Nance Haxton – ABC journalist and Griffith University Journalist in Residence
Nance Haxton has proven her excellent reporting track record over more than 20 years – winning Australian journalism’s most prestigious honour – a Walkley Award – for the second time in 2012.
She has a passion for justice, and sees her main motivation for working in journalism as giving those who do not normally have access to the media a voice.
In June this year Nance received the honour of a Bronze Award from the New York Festivals International Radio Program Awards for her radio documentary “A New Chapter for Stradbroke Island”.
Nance received the 2012 Walkley Award for Best Radio News and Current Affairs Report, and was highly commended in that year’s Association of International Broadcasters (London) awards for a series of stories titled ‘Justice System Fails Disabled Victims of Sexual Abuse’. As a result of her work, the South Australian government changed the Evidence Act.
She also received a highly commended for Best Radio Current Affairs documentary from the Association of International Broadcasters in 2015 for her story “Indigenous Soldiers Who Hid Their Identity to Serve”.
Starting off with a cadetship at Quest Newspapers in Brisbane, Nance went on to become the ABC’s sole reporter at the Port Augusta outpost covering more than half the state of South Australia for ABC Radio and television news.
During her stint in the outback Nance was recognised with the Walkley Award for Best Radio News story in 2001 for her coverage of riots at the Woomera Detention Centre, and she was also a Walkley finalist in the same year for Best Coverage of Regional Affairs for the same story.
Nance graduated from the Queensland University of Technology in 2001 with a Masters in Journalism after completing her research thesis on “The Death of Investigative Journalism.”
After a year in the Sydney ABC Radio Newsroom, Nance became the South Australian correspondent for ABC Radio Current Affairs, reporting to AM, PM and The World Today.

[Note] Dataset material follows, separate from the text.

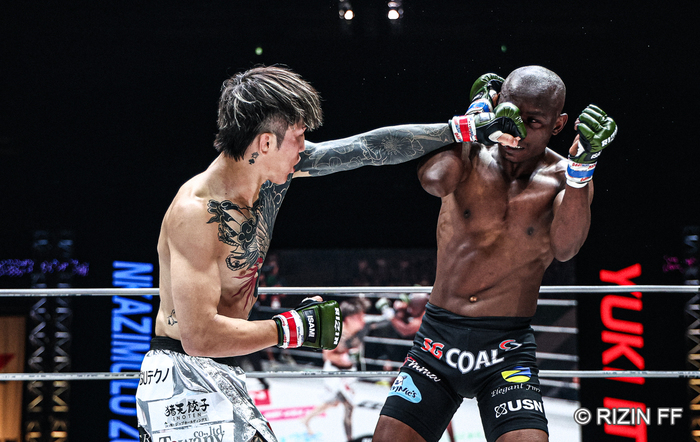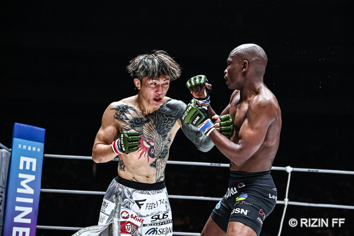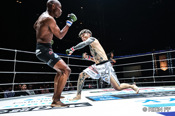 「1R目で、サウスポーだと思ったら(ズールーが)まさかの右から始めてきたので、“あ、右から来るんだ”と思って。まあ2R目くらいからペースは掴めたんですけど、1R目のミドルか何かが、めちゃめちゃ効いて、息ができなくなりましたね。2R目からは距離潰してって、行こう、行こうって思ったんで、そこからペース掴めましたね」
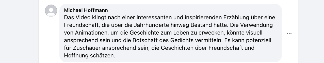 德語(yǔ)網(wǎng)友留言:“這段視頻講述的是一段歷久彌新的友誼,聽(tīng)起來(lái)既有趣又鼓舞人心。使用動(dòng)畫(huà)將故事栩栩如生地展現(xiàn)出來(lái),既具有視覺(jué)吸引力,又能傳達(dá)詩(shī)歌的信息”。

For the past five years Nance has continued to report for these national ABC Radio programs from Brisbane in Queensland.
Nance Haxton is also a qualified speech and drama teacher, and is an adept speaker, moderator and trainer with a wide range of media experience in television, radio, print and online.
She sees her greatest journalistic skill as empathy – something she learned from her intellectually disabled older brother Ashley.